Functional exercise after clavicle fracture surgery

Functional exercise after clavicle fracture surgery

When treating any disease, we must pay attention to the maintenance of the body after treatment. Functional exercise after clavicle fracture surgery is particularly important. Clavicle fractures are very harmful to the body, and after this type of fracture surgery, patients need to rest in bed for a long time. At the same time, they cannot do strenuous exercise, eat more light food, and avoid eating too greasy food to avoid other effects on the body. So what are the functional exercises after clavicle fracture surgery? The following is a detailed introduction.

method:

1 After the fracture is fixed, you can make a fist, extend your fingers, spread your fingers, rotate your wrist, bend and straighten your elbow, rotate your forearm inward and outward, etc., with the largest amplitude possible and gradually increase the force.

2 Two weeks after the fracture, you can squeeze a small ball with your hands, tie a sandbag at the wrist joint to increase resistance, lift your shoulders horizontally and rotate forward and backward.

3 Three weeks after the fracture, you can increase the weight of the sandbag, do bending, straightening, and rotation exercises. You can also lie on your back on the bed, support your head and elbows with your hands, and do chest-lifting exercises.

4 After the external fixator is removed, bend your hand and then swing it back and forth. You can also place your bad hand on the wall and climb up, gradually increasing your height.

Causes and types of fractures: The clavicle is superficial and prone to fractures. Fractures are often caused by indirect violence. When falling, the hand or elbow touches the ground, and the external force impacts the proximal end along the forearm or elbow along the upper limb; it is more common to land on the shoulder, hitting the outer end of the clavicle and causing a fracture. Most cases occur in children and young adults.

Fractures caused by indirect violence are mostly oblique or transverse, and are mostly located in the middle section; for example, when falling, if the hand or elbow touches the ground, the external force will impact the proximal end along the forearm or elbow along the upper limb; it is more common to land on the shoulder, hitting the outer end of the clavicle and causing a fracture. Fractures caused by indirect violence are mostly oblique or transverse, and are mostly located in the middle and outer thirds. Fractures caused by direct violence vary depending on the point of force, and are mostly comminuted or transverse.

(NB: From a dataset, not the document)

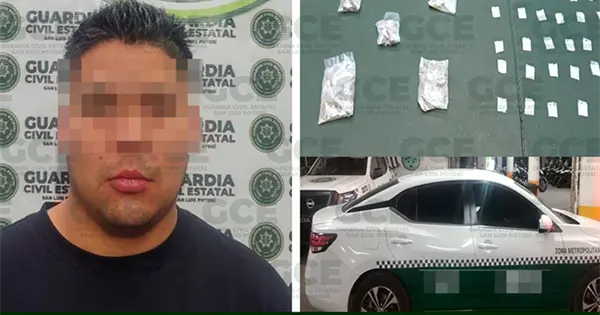 Como parte de las acciones permanentes de prevención, vigilancia y combate a los delitos contra la salud, la Guardia Civil del Estado llevó a cabo la detención de un hombre que utilizaba un taxi para presuntamente distribuir droga en la capital potosina.

There is local swelling, subcutaneous bruising, tenderness or deformity. The displaced fracture ends can be felt at the deformity. If the fractures are displaced and overlap, the distance between the acromion and the manubrium of the sternum becomes shorter. The function of the injured limb is limited, the shoulder is drooping, the upper arm is pressed against the chest and dares not move, and the injured elbow is supported with the healthy hand. The deformity of greenstick fractures in young children is often not obvious, and they are often unable to report the location of pain, but their heads are often tilted toward the affected side and their jaws are turned toward the healthy side. This feature is helpful for clinical diagnosis. Sometimes fractures caused by direct violence can puncture the pleura and cause pneumothorax, or damage the subclavian blood vessels and nerves, resulting in corresponding symptoms and signs.